Fint is the kind of place that makes a Ouarzazate 2 day itinerary feel personal rather than touristic. It is not on any official map, and that is precisely its value.
Advertisement
Dinner at Chez Dimitri: The City's Most Beloved Restaurant
Chez Dimitri sits on Boulevard Mohammed V, the main thoroughfare running through the center of Ouarzazate, and it has been serving Moroccan and European food to travelers and locals for over two decades. I ate there last Thursday and ordered the lamb tagine with prunes, which arrived in a clay pot so hot I had to wait five minutes before touching the lid. The meat fell apart at the touch of my fork, sweet and tender with a sauce that had been simmering since morning. The restaurant also serves a solid vegetable couscous on Fridays, which is the traditional Moroccan family meal and the day when the kitchen puts extra care into the preparation. The best time to go is between 7:30 and 8:30 PM, when the dinner rush has not yet peaked and the owner, Dimitri himself, still has time to come to your table and recommend the day's specials. Most tourists do not know that the restaurant has a small rooftop terrace in the back, accessible through a narrow staircase near the restrooms, where you can eat under the stars if the weather is clear.

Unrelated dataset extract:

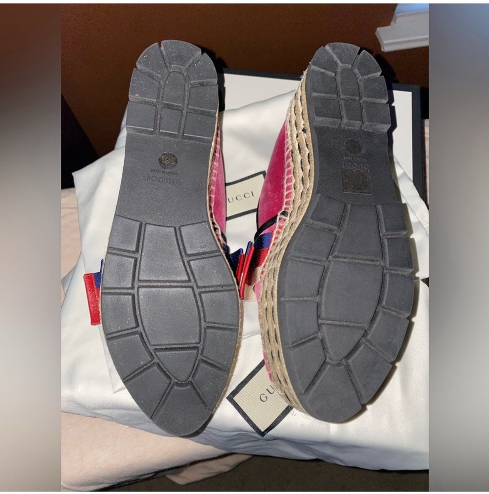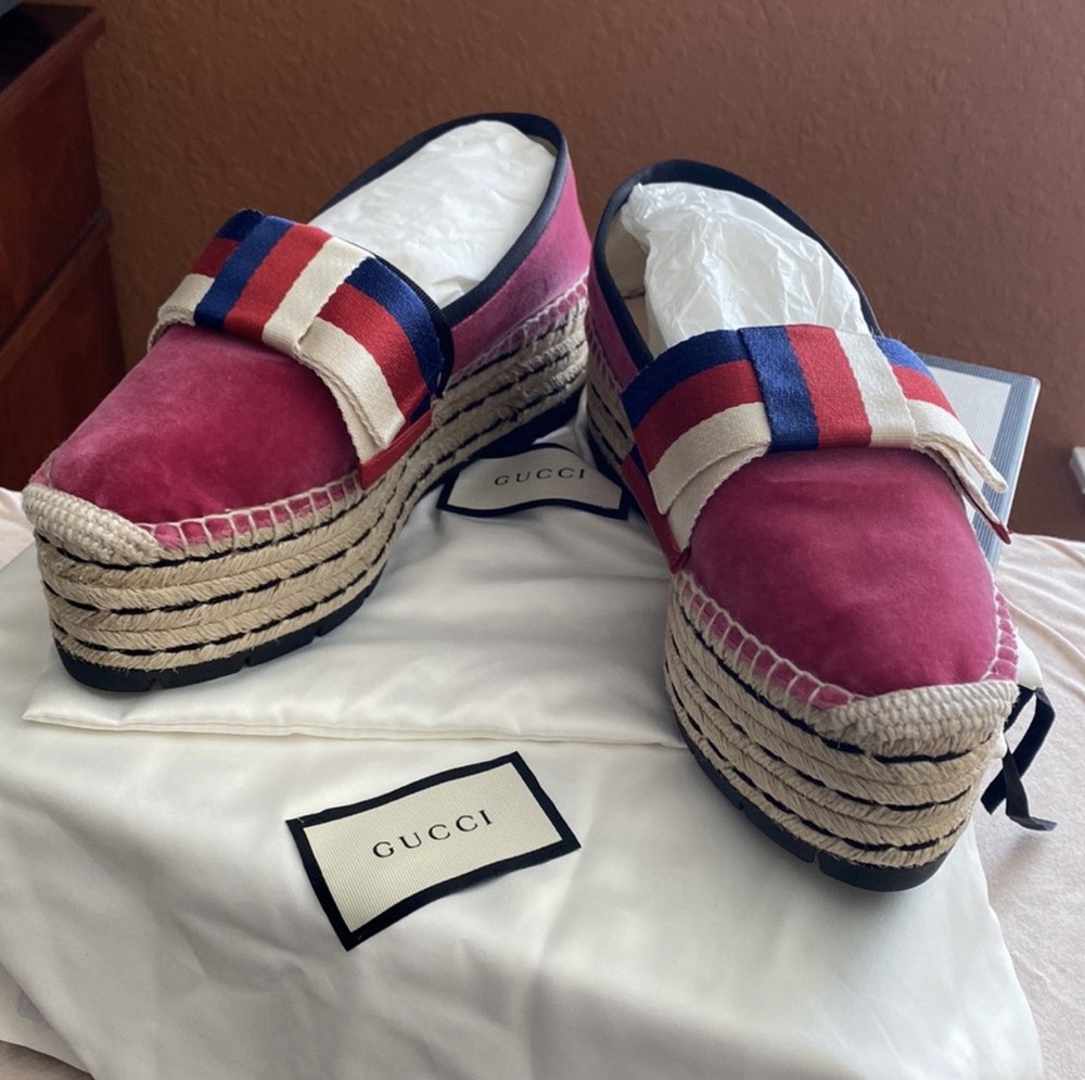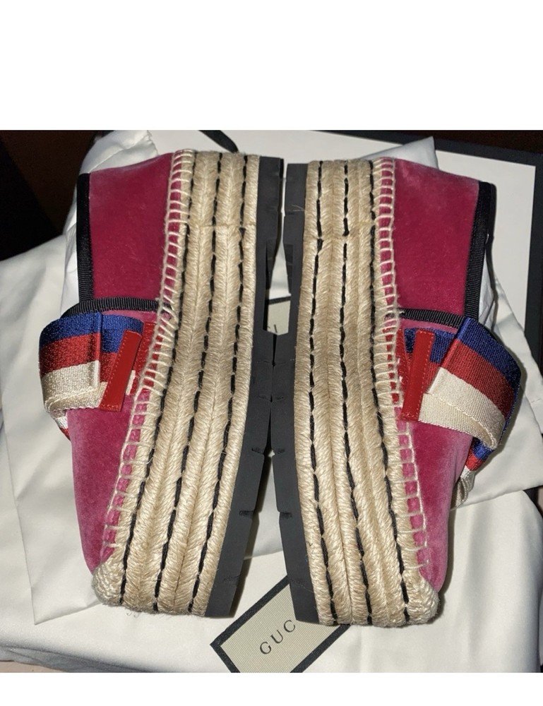 New 36.5,Gucci Shoes Gucci, Velvet Wedge Platform Espadrilles Bow. Condition is New with box. Shipped with USPS Priority Mail.

Local Insider Tip: "Ask for the 'special salad' that is not on the menu. It is a mix of roasted peppers, tomatoes, and herbs that Dimitri's wife prepares every morning, and it is the best starter in the city. If you mention you read about it from a local, they will bring it out with a smile."
Advertisement
Chez Dimitri represents the cosmopolitan side of Ouarzazate, a city that has absorbed French, Berber, and Arab influences into something that feels entirely its own. It is a necessary stop on any weekend trip Ouarzazate.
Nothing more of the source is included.